To summarize what we did, we just obtained 25mL of sodium carbonate and calcium chloride solution in seperate graduated cylinders and poured them into one 250mL beaker. Now what do we see? It turned into a thick homogeneous white solution. We had to let it sit there for about five minutes in order to let the contents seperate into layers and suspend. Ahh you see it is a double replacement reaction - if you didn't already know.

MEANWHILE... (I better not catch you reading your book), we had to set up our apparatus! It consisted of a ring stand with a paper filter that we carefully folded into the shape of a cone. BUT before that, we had to put our names on it (IN PENCIL.. NOT PEN) and weigh the paper filter.

Now after the wait, we got to do the filtering of the precipitate and the solution! We had another beaker underneath the funnel, and we swirled the 250mL beaker with the contents before cautiously and slowly poured it into the funnel. It is important to do it in stages, and not all at once or it will be even more tedious!
Once that is completed, we took out our filter with the precipitate and placed it on a paper towel in a safe location to dry. When it dried (AKA next class), we weighed the contents with the filter paper and recorded the data.

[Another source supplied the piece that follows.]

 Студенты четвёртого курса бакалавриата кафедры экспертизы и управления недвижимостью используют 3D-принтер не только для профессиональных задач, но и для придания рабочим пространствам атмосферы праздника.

NOW here comes the calculations/analysis:
1 Na2CO3(aq) + 1 CaCl2(aq) --> 2 NaCl(aq) + 1 CaCO3(s)

With this balanced equation, we calculated which reactant was the limited and the excess, and found the theoretical mass of the precipitate (CaCO3). With this information and the actual product (which we weighed), we used the percent yield formula (don't remember? refer to the previous posts!) to find the percent yield of the product.

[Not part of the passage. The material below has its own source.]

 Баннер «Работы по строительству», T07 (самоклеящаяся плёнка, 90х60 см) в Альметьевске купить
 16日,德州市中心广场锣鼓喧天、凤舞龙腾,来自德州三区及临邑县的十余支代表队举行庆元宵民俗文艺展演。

.... And that concludes our lab! It was a pretty chill one :)

YAY LET'S TALK ABOUT PERCENTS! (And no not your grade percentages)

It's all about the ratios and percentages today! We'll be looking at percent YIELD and percent PURITY.

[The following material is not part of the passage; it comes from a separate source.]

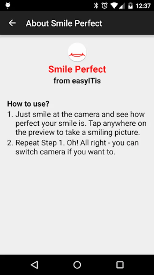 Step 1. Just smile at the camera and see how perfect your smile is - on a scale of 1 to 100. Tap anywhere on the preview to take a smiling picture and then swipe to see your pictures.

You're probably wondering, "WHAT IS THE DIFFERENCE? I DON'T EVEN-"
It's okay. Calm your horses. We will explain, don't worry.


PERCENT YIELD

• measures amount of product actually produced compared to the amount that would theoretically be produced by using stoichiometry
• often, there will be an excess of reactants (because in the real world, we seldom have ideal reactions) so the products resulted will always be less than what is expected; so percent yield is needed
• determines what percentage of yield is expected in a reaction 
• ratio of actual yield (amount of product obtained in grams) and theoretical yield (amount of product expected in grams)

NOTE: Remember to always round to one decimal place when dealing with percentages!

Example: Fe₂O_3(s) + 3CO_(g) → 2Fe_(l) + 3CO_2(g)

If 2.2g of Iron (Fe) is produced when 6.5g of Fe₂O₃ is reacted with excess CO, what is the percent yield?

Step 1: Find the expected (theoretical) amount of Fe to be produced by 15.0g Fe₂O_3.

(Using stoichiometry - remember to use the ratios of the elements/compounds!)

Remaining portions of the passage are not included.